Task details:
Copy out the listing that follows exactly, dropping every picture.

Data for the task:
•••••

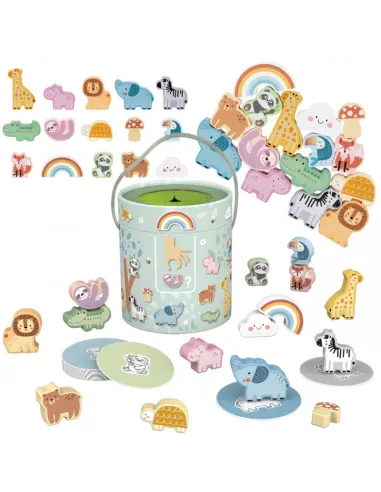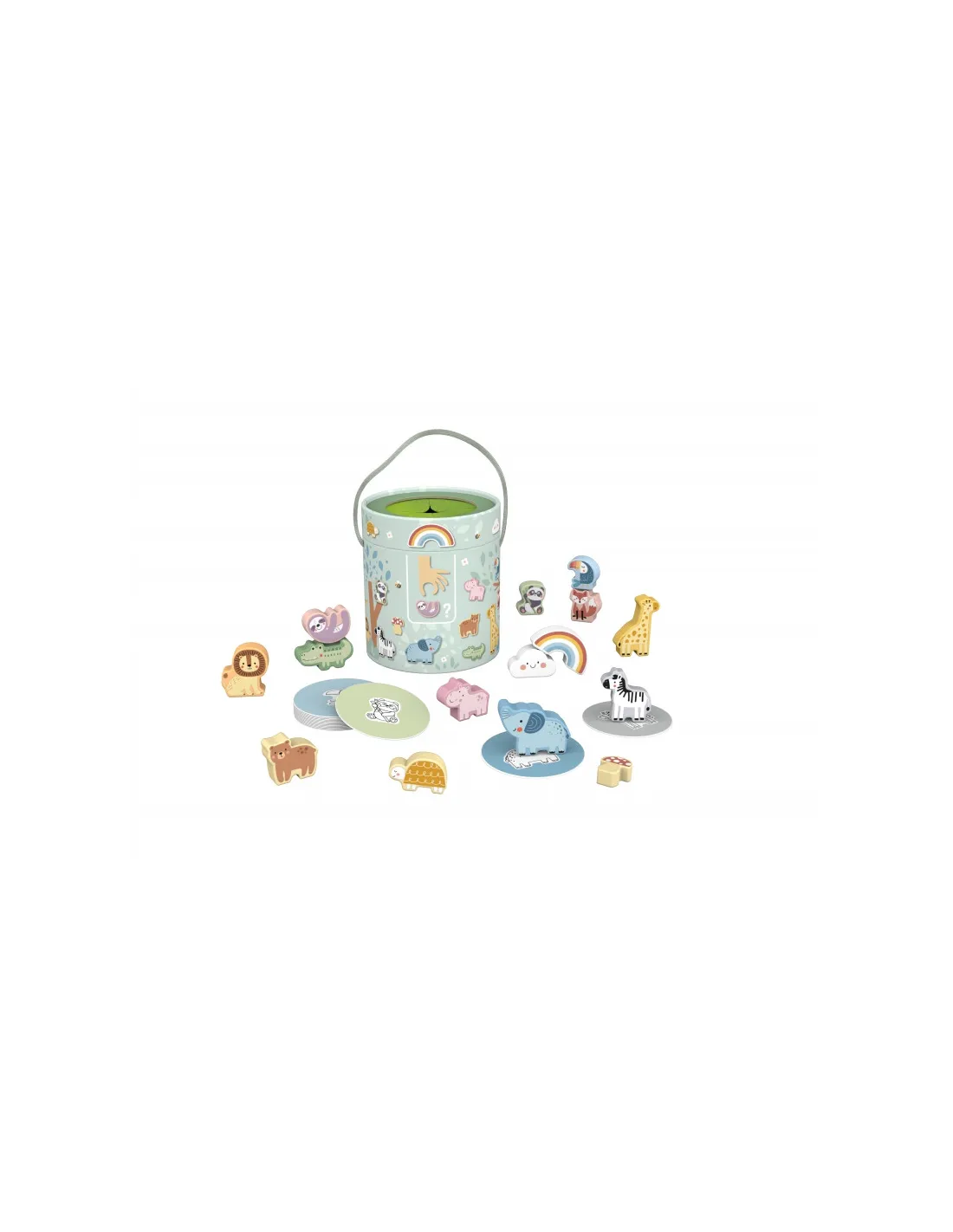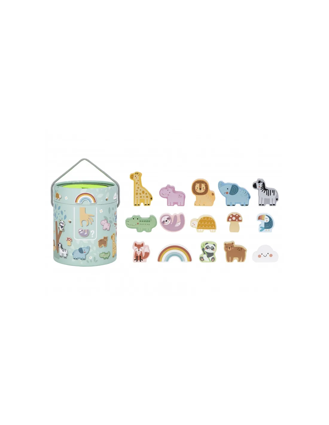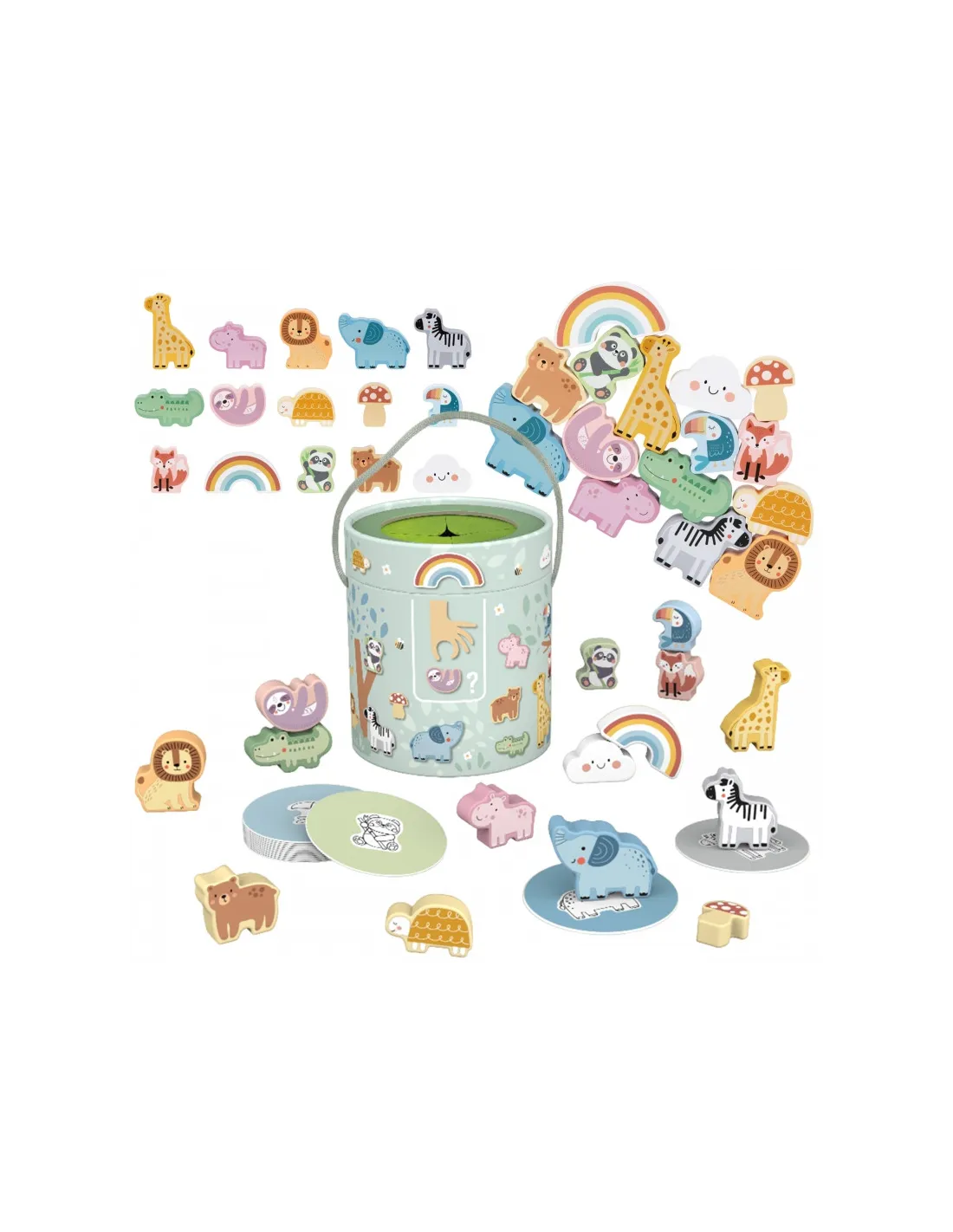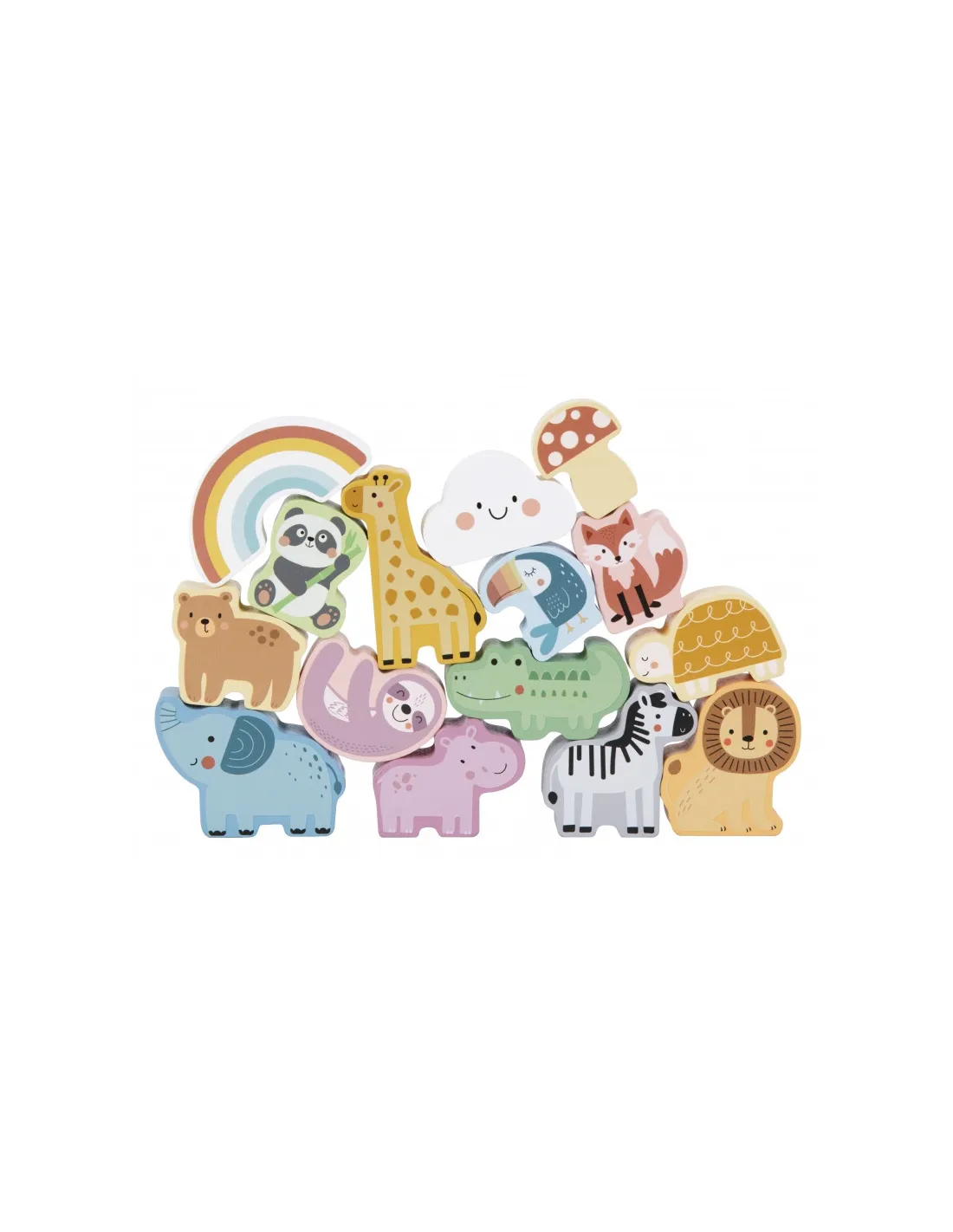 - - 15 medinių figūrėlių (gyvūnų, grybo, vaivorykštės, debesies)
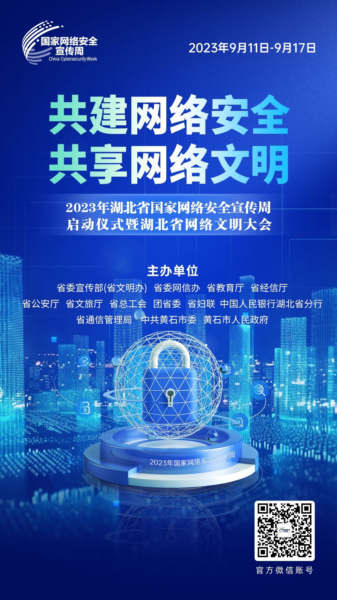 2023年湖北省國家網(wǎng)絡(luò)安全宣傳周暨湖北省網(wǎng)絡(luò)文明大會由省委宣傳部(省文明辦)、省委網(wǎng)信辦、省教育廳、省經(jīng)信廳、省公安廳、省文旅廳、省總工會、團省委、省婦聯(lián)、中國人民銀行湖北省分行、省通信管理局、中共黃石市委、黃石市人民政府共同主辦。
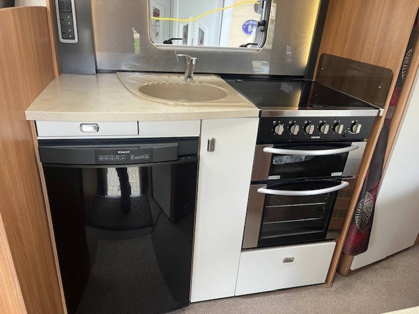 The Kitchen Area comes equipped with Full Oven, Hob, Grill, Sink, Microwave plus 3 Way Fridge Freezer
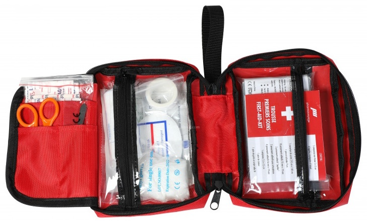 Комплектациякомпрессы, марля, скотч, повязки, лейкопластырь, ножницы, перчатки, плоскогубцы, спасательное одеяло
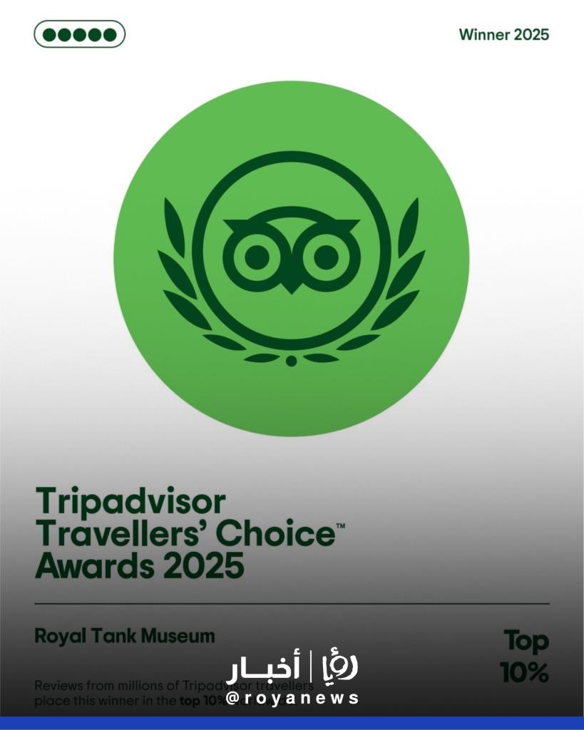 فاز متحف الدبابات الملكي بجائزة "خيار المسافرين لعام 2025" من منصة (TripAdvisor)، أكبر منصة سياحية في العالم.

•••••

Answer below:
 - - 15 medinių figūrėlių (gyvūnų, grybo, vaivorykštės, debesies)
 2023年湖北省國家網(wǎng)絡(luò)安全宣傳周暨湖北省網(wǎng)絡(luò)文明大會由省委宣傳部(省文明辦)、省委網(wǎng)信辦、省教育廳、省經(jīng)信廳、省公安廳、省文旅廳、省總工會、團省委、省婦聯(lián)、中國人民銀行湖北省分行、省通信管理局、中共黃石市委、黃石市人民政府共同主辦。
 The Kitchen Area comes equipped with Full Oven, Hob, Grill, Sink, Microwave plus 3 Way Fridge Freezer
 Комплектациякомпрессы, марля, скотч, повязки, лейкопластырь, ножницы, перчатки, плоскогубцы, спасательное одеяло
 فاز متحف الدبابات الملكي بجائزة "خيار المسافرين لعام 2025" من منصة (TripAdvisor)، أكبر منصة سياحية في العالم.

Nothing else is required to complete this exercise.